I picked him out in the crowd, conducting travellers and beaming instructions. I perched on a bench among my bags. The waiting area of tree branches and corrugated iron was filling with people. It was getting hotter and there was irritation in the air. Parents got snappy with their kids and silent couples toyed with their vats of drinking water and mega sized bags of wheat snacks.

Different languages and dress codes made for a diverting game of “guess the nationality.” Lots of Americans, paler Europeans of all persuasions, with interesting tattoos and a host of Latin folk from all over the continent. Their accents subtly different.

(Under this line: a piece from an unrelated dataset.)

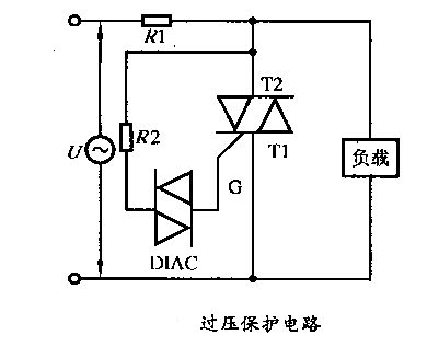双向触发二极管除用来触发双向晶闸管外,还常用在过压保护、定时、移相等电路,图2就是由双向触发二极管和双向晶闸管组成的过压保护电路。当瞬态电压超过DIAC和Ubo时,DIAC迅速导通并触发双向晶闸管也导通,使后面的负载免受过压损害。

I knew I screamed Brit. Smeared sunscreen, cut-off denim shorts, and a faded, baggy Stone Roses T-shirt that used to cover a significant spare tyre. I didn't mind any assumptions others might make if they were playing the same game. I was happy in my own skin, excited about the trip, glad to be alive and heading into an adventure.

The divorce had been drawn-out, horrible, and emotionally draining. Twenty years of life dismissed in cold bureaucracy and a flourish of papers. I missed my son, who had supported his mother through the turmoil of dealing with his mad, bad missing dad. Sam had been old enough to understand the betrayals and judged me accordingly. A justified position that showed his judgement and strength of character. I’m kind of proud of him for that, really. Had we been through the mess a little sooner, there would have been access rights and he’d have needed me more. He’d just turned seventeen, and I hadn’t seen or heard from him in months. Guilt and regret, twin Dickensian spectres visited me nightly to exact karmic revenge.

Parents are just ordinary, imperfect humans too, and I hoped he would grow up to understand that. Ironically, I’d only just made the same journey with my own parents. I'm less judgy now and feel closer to them than ever. Hopefully, it wouldn’t take Sam thirty years to make the same trip.